Iterative algorithms for integral equations of the first kind with applications to statistics

This dissertation explores the use of a preconditioned Richardson iterative algorithm for the solution of linear and nonlinear ill-posed integral equations of the first kind. The discussion consists of three parts, which can be roughly categorized as: numerical analysis, applications to statistical methodology, and an application to an inverse problem. In the first part, singular matrix equations that result from discretizing ill-posed integral equations of the first kind are considered. Sufficient conditions for the convergence of Richardson's algorithm to a solution are established, and necessary and sufficient conditions are proved for special cases. The inconsistent case is also discussed. A preconditioning for equations with positive kernels leads to the Conditional Expectation algorithm, which is discussed in detail. A notion of 'iterative regularization' is introduced and related to the more usual penalized least squares approach to regularization. In the second part two problems in statistical methodology are considered which involve the solution of nonlinear integral equations of the first kind. The first is the Behrens-Fisher problem. Trickett and Welch (Biometrika, 1954) determined a very nearly similar test for the Behrens-Fisher problem having reasonable power by numerically 'solving' a nonlinear integral equation. The Trickett-Welch method is examined, and a version of the Conditional Expectation algorithm for nonlinear equations is applied to the Behrens-Fisher problem.
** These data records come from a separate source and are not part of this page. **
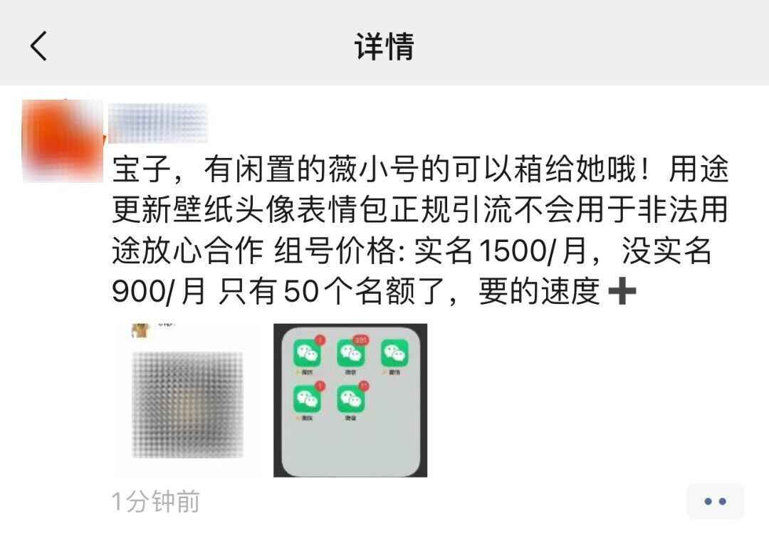 近期,我们发现有部分用户利用微信社交功能,在朋友圈、微信群发布“闲置小号换零花钱”等租售微信账号的相关内容。
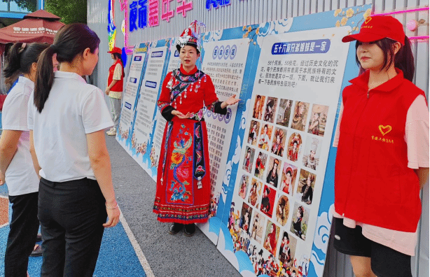 吉安卫校少数民族教工身穿本民族服装服饰,志愿者们身穿红马甲,围绕“民族团结一家亲”向群众宣讲民族宗教法规政策和知识,讲解少数民族的特点、居住地、发展史和服饰特点。切实增强了广大群众对民族政策和民族法律法规的认知认可。
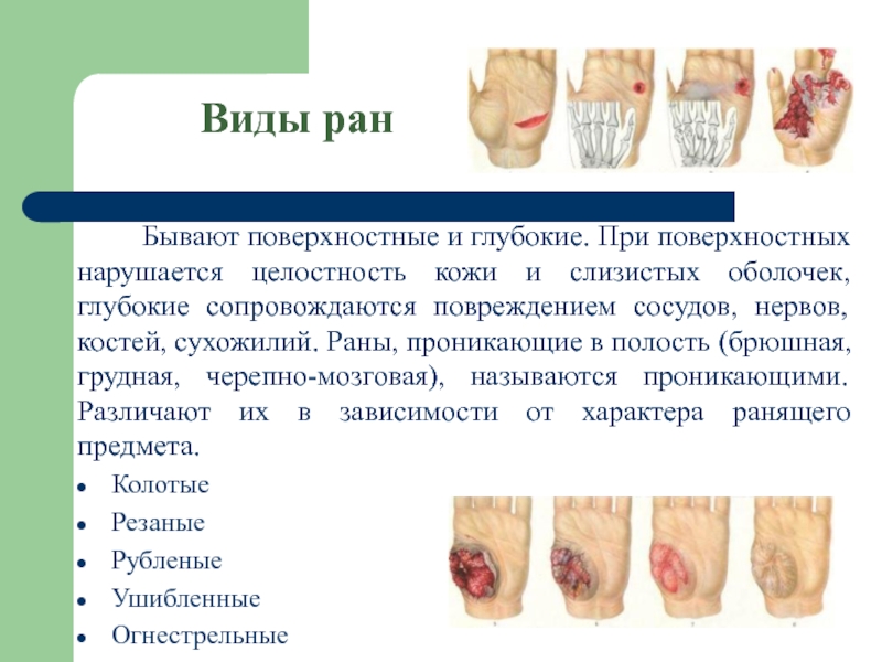 глубокие. При поверхностных нарушается целостность кожи и слизистых оболочек, глубокие сопровождаются повреждением сосудов, нервов, костей, сухожилий. Раны, проникающие в полость (брюшная, грудная, черепно-мозговая), называются проникающими. Различают их в зависимости от характера ранящего предмета.

The second methodological problem that is considered is that a $\beta$-content tolerance limits involving data from a one-way balanced random effects model. The Conditional Expectation algorithm is used to approximately solve a nonlinear equation of the first kind numerically, and to thereby derive a new tolerance limit procedure which is shown to be a substantial improvement over the only other method in the statistics literature. In the third part an inverse problem is discussed in which the right hand side of the integral equation is estimated. In this example, the objective is to infer the probability density of the radii of random spheres in a two-phase medium from radii of circles in cross-sectional slices of this medium. The Conditional Expectation algorithm leads to an effective technique for solving this problem.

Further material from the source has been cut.